Optimal parameters of low-level laser therapy (LLLT) for wound healing are still discussed. Hence, our study was aimed to compare effects of different power densities of LLLT at 635 nm in rats. Four, round, full-thickness, skin wounds were made on the backs of 48 rats that were divided into two groups (non-steroid laser-treated and steroid laser-treated). Three wounds were stimulated daily with a diode laser (daily dose 5 J/cm²) each with different power density (1 mW/cm², 5 mW/cm², and 15 mW/cm²), whereas the fourth wound served as a control. Two days, 6 days, and 14 days after surgery, eight animals from each group were killed and samples were removed for histological evaluation. In the non-steroid laser-treated rats, significant acceleration of epithelization and collagen synthesis 2 days and 6 days after surgery was observed in stimulated wounds. In steroid laser-treated rats, 2 days and 14 days after surgery, a decreased leucocyte/macrophage ratio and a reduction in the area of granulation tissue were recorded, respectively.

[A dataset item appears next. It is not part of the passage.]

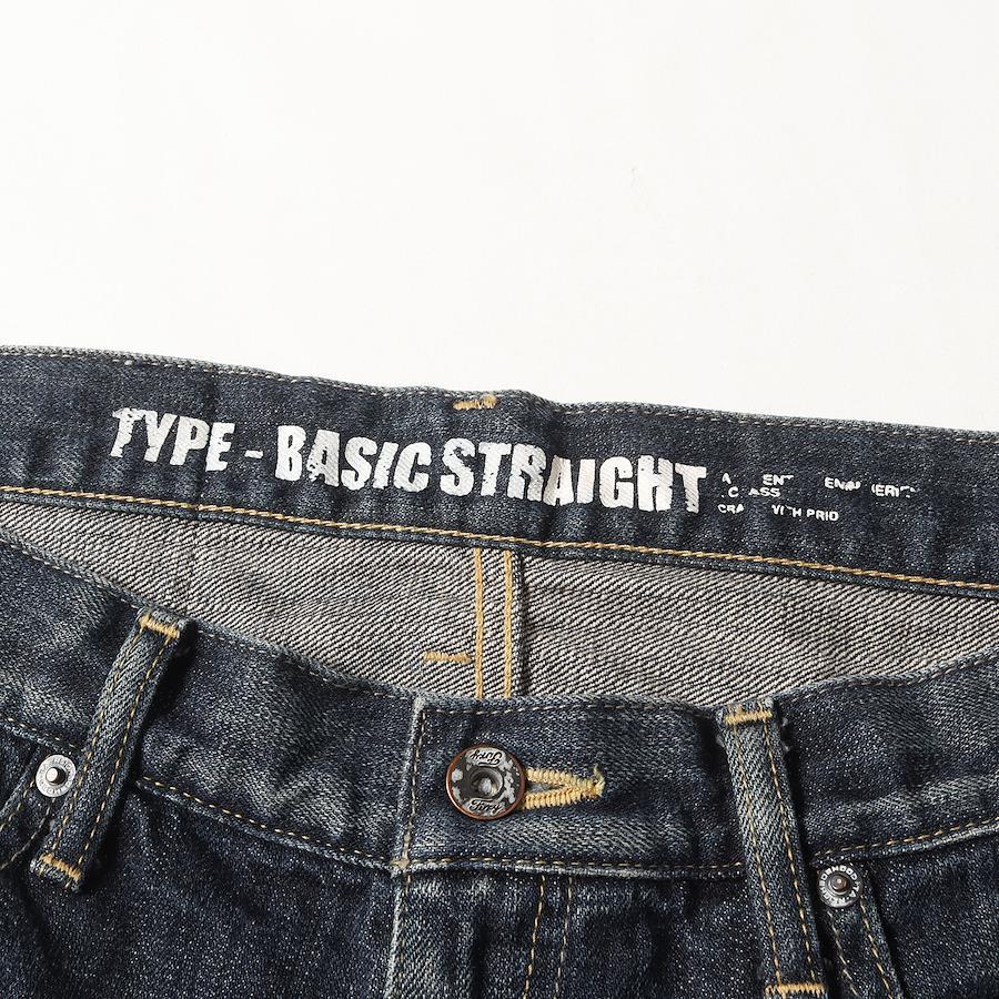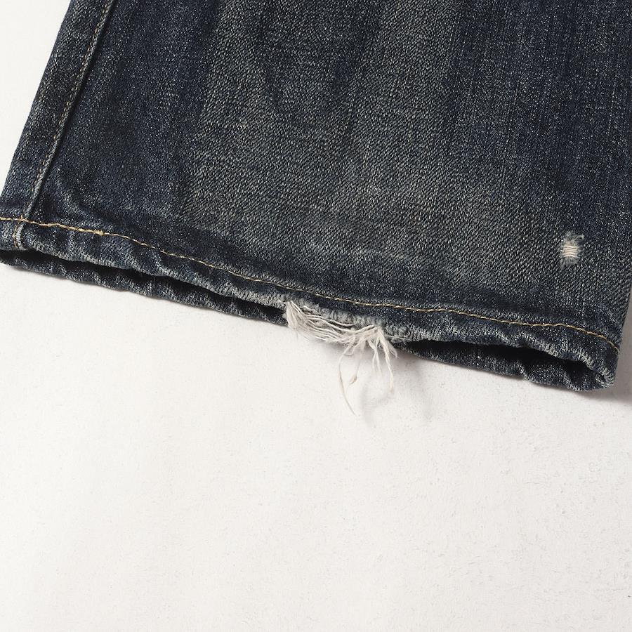 - 毎期定番のリアルなヴィンテージ加工が施されたジッパーフライデニムパンツです。セルビッチ付きの14ozデニムを使用し、やや太めのベーシックシルエットで仕上げた一本になります。

In conclusion, LLLT, by the method we used, improved wound healing in the non-steroid laser-treated rats, but it was useless after corticosteroid treatment.     

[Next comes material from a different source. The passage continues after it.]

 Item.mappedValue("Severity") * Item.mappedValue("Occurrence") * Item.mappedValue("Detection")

Effect of red and near-infrared wavelengths on low-level laser (light) therapy-induced healing of partial-thickness dermal abrasion in mice

Low-level laser (light) therapy (LLLT) promotes wound healing, reduces pain and inflammation, and prevents tissue death. Studies have explored the effects of various radiant exposures on the effect of LLLT; however, studies of wavelength dependency in in vivo models are less common. In the present study, the healing effects of LLLT mediated by different wavelengths of light in the red and near-infrared (NIR) wavelength regions (635, 730, 810, and 980 nm) delivered at constant fluence (4 J/cm²) and fluence rate (10 mW/cm²) were evaluated in a mouse model of partial-thickness dermal abrasion. Wavelengths of 635 and 810 nm were found to be effective in promoting the healing of dermal abrasions. However, treatment using 730- and 980-nm wavelengths showed no sign of stimulated healing. Healing was maximally augmented in mice treated with an 810-nm wavelength, as evidenced by significant wound area reduction (p?<?0.05), enhanced collagen accumulation, and complete re-epithelialization as compared to other wavelengths and non-illuminated controls. Significant acceleration of re-epithelialization and cellular proliferation revealed by immunofluorescence staining for cytokeratin-14 and proliferating cell nuclear antigen (p?<?0.05) was evident in the 810-nm wavelength compared with other groups. Photobiomodulation mediated by red (635 nm) and NIR (810 nm) light suggests that the biological response of the wound tissue depends on the wavelength employed. The effectiveness of 810-nm wavelength agrees with previous publications and, together with the partial effectiveness of 635 nm and the ineffectiveness of 730 and 980 nm wavelengths, can be explained by the absorption spectrum of cytochrome c oxidase, the candidate mitochondrial chromophore in LLLT.